Exercise prompt -
Return only that part of the material below which starts with the line containing "Het is de bedoeling" and goes on through the line containing "Огромное, скажу я", restated exactly.

Extracted material -
==============================

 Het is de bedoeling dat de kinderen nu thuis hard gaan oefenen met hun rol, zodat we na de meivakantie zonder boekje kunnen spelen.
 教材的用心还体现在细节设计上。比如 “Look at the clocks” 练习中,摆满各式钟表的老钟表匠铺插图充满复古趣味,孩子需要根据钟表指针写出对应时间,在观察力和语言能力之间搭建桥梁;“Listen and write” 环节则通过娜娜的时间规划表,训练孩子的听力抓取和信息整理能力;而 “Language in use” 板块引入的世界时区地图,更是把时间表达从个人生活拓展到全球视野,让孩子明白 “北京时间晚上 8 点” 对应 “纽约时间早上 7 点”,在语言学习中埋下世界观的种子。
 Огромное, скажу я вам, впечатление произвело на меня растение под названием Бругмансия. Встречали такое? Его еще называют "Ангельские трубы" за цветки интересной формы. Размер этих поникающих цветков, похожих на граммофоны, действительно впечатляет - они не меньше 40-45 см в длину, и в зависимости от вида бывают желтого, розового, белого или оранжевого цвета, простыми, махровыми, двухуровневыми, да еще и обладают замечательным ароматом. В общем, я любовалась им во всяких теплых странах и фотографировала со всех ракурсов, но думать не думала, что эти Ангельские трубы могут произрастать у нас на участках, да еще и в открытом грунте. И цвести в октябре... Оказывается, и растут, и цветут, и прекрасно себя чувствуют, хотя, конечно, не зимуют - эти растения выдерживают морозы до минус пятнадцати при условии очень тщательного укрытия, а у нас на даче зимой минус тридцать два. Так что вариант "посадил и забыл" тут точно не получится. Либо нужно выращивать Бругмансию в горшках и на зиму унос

==============================

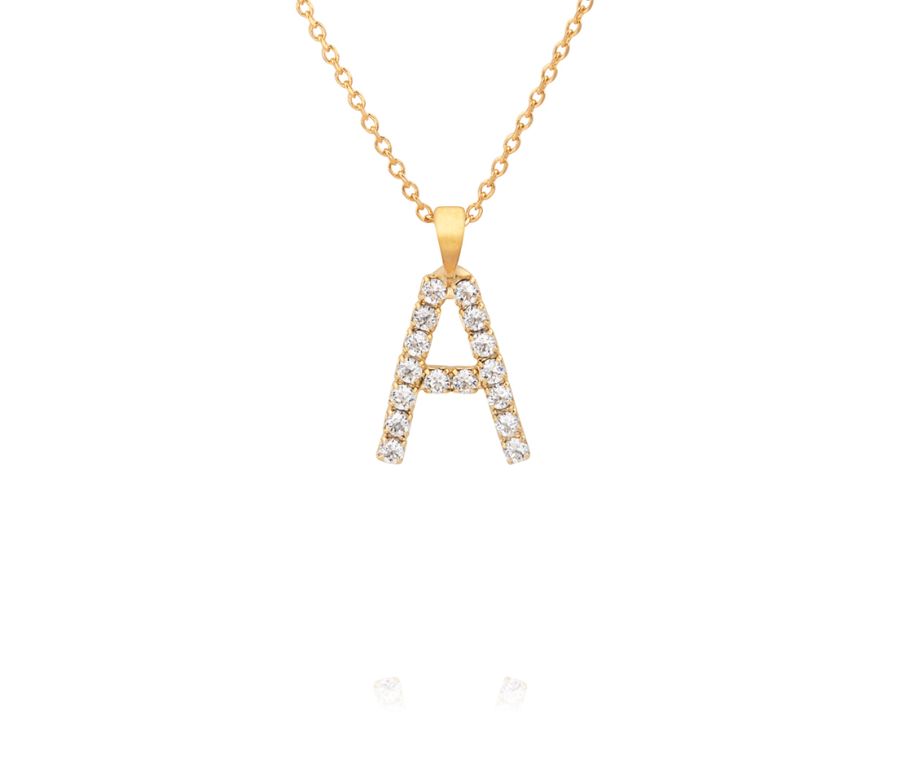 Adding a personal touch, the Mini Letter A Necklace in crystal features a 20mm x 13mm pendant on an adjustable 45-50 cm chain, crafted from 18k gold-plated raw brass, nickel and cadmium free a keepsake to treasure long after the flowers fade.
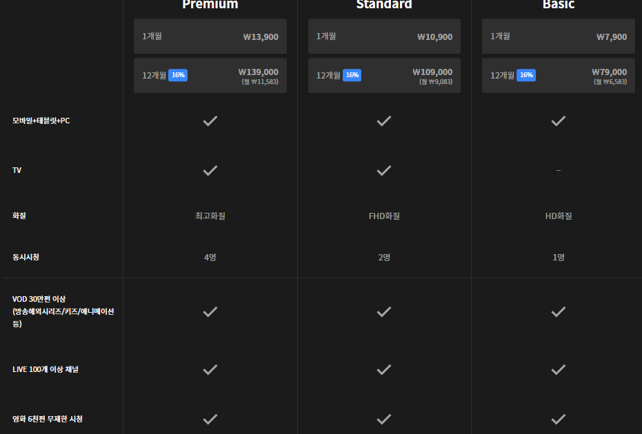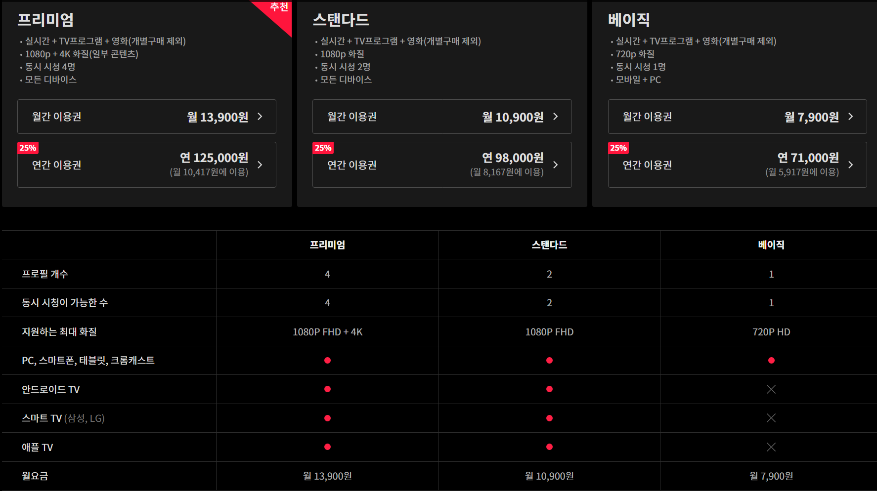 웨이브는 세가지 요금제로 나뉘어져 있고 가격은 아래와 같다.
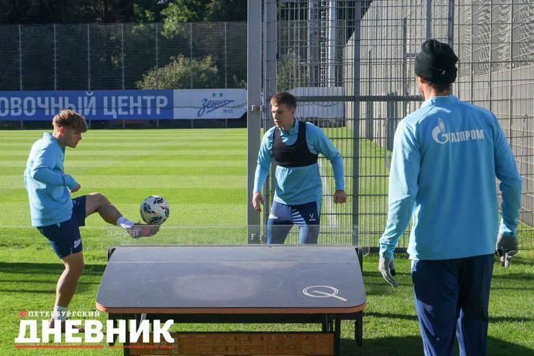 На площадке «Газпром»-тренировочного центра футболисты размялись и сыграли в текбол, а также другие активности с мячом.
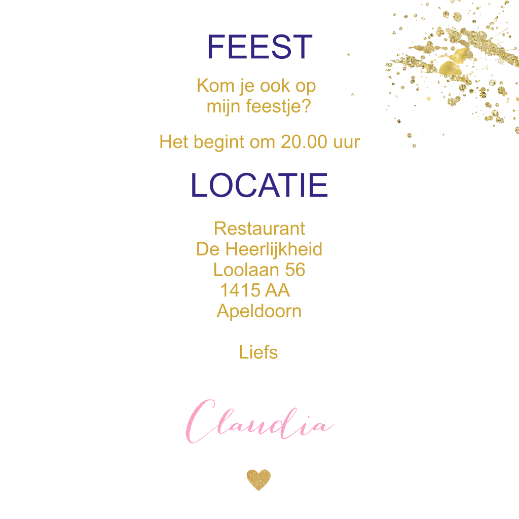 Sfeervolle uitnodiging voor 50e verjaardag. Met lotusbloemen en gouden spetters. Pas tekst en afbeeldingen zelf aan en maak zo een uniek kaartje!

==============================

Your response -
 Het is de bedoeling dat de kinderen nu thuis hard gaan oefenen met hun rol, zodat we na de meivakantie zonder boekje kunnen spelen.
 教材的用心还体现在细节设计上。比如 “Look at the clocks” 练习中,摆满各式钟表的老钟表匠铺插图充满复古趣味,孩子需要根据钟表指针写出对应时间,在观察力和语言能力之间搭建桥梁;“Listen and write” 环节则通过娜娜的时间规划表,训练孩子的听力抓取和信息整理能力;而 “Language in use” 板块引入的世界时区地图,更是把时间表达从个人生活拓展到全球视野,让孩子明白 “北京时间晚上 8 点” 对应 “纽约时间早上 7 点”,在语言学习中埋下世界观的种子。
 Огромное, скажу я вам, впечатление произвело на меня растение под названием Бругмансия. Встречали такое? Его еще называют "Ангельские трубы" за цветки интересной формы. Размер этих поникающих цветков, похожих на граммофоны, действительно впечатляет - они не меньше 40-45 см в длину, и в зависимости от вида бывают желтого, розового, белого или оранжевого цвета, простыми, махровыми, двухуровневыми, да еще и обладают замечательным ароматом. В общем, я любовалась им во всяких теплых странах и фотографировала со всех ракурсов, но думать не думала, что эти Ангельские трубы могут произрастать у нас на участках, да еще и в открытом грунте. И цвести в октябре... Оказывается, и растут, и цветут, и прекрасно себя чувствуют, хотя, конечно, не зимуют - эти растения выдерживают морозы до минус пятнадцати при условии очень тщательного укрытия, а у нас на даче зимой минус тридцать два. Так что вариант "посадил и забыл" тут точно не получится. Либо нужно выращивать Бругмансию в горшках и на зиму унос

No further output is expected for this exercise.